LZGraphs is a high-performance Python library for analyzing immune receptor repertoires using Lempel-Ziv 76 compression graphs. Built on a C core, it transforms CDR3 sequences into probabilistic directed graphs that support exact probability computation, constrained sequence generation, and analytical diversity measurement — all without alignment or reference genotypes.

Example LZGraph
An LZGraph built from three CDR3 sequences. Shared prefixes form a single path; divergent suffixes branch.
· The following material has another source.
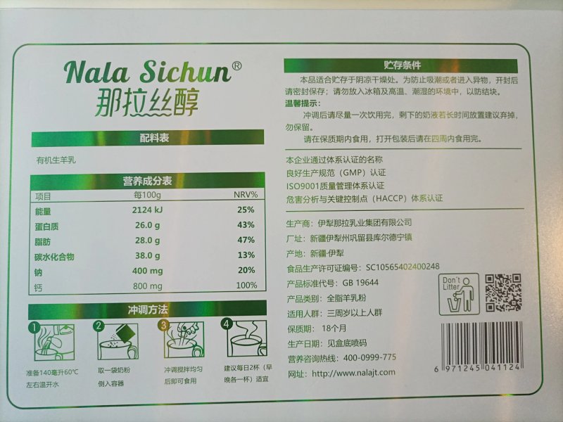 全脂羊奶粉,采用新鲜纯羊乳生产,基本保持了乳中的原有营养成分,它颗粒均匀,速溶性好,奶香浓郁,口味纯正,营养丰富,深受广大群众的热爱。

Edge weights encode transition probabilities.

Quick Start

from LZGraphs import LZGraph

graph = LZGraph(['CASSLEPSGGTDTQYF', 'CASSDTSGGTDTQYF', 'CASSLEPQTFTDTFFF'],
                variant='aap')

graph.lzpgen('CASSLEPSGGTDTQYF')          # log generation probability
graph.simulate(1000, seed=42)              # generate new sequences
graph.hill_number(2)                       # inverse Simpson diversity
graph.predicted_richness(100_000)          # richness at sequencing depth
lzg build repertoire.tsv -o rep.lzg       # build from the command line
lzg diversity rep.lzg                      # diversity report
lzg simulate rep.lzg -n 10000 > synth.txt # generate sequences

Install Quick Start


What LZGraphs does

Score sequences

Compute the exact generation probability of any CDR3 under the repertoire model with lzpgen().

Generate sequences

Simulate novel sequences via LZ-constrained random walks — with optional V/J gene constraints.

Measure diversity

Hill numbers, Shannon entropy, predicted richness, sample overlap, and sharing spectra — analytically from the graph.

Compare repertoires

Jensen-Shannon divergence, cross-scoring, and graph set operations (union, intersection, difference).

Extract ML features

Project repertoires into fixed-size feature vectors for classification, clustering, and regression.

Personalize models

Bayesian posterior updates to adapt a population graph to an individual patient.


Documentation


C Performance

Build graphs from 5,000 sequences in 80 ms. Simulate at ~5,000 seqs/sec. Save/load in < 1 ms.

LZ76 Constraints

Every simulated sequence is a valid LZ76 decomposition. No biologically impossible outputs.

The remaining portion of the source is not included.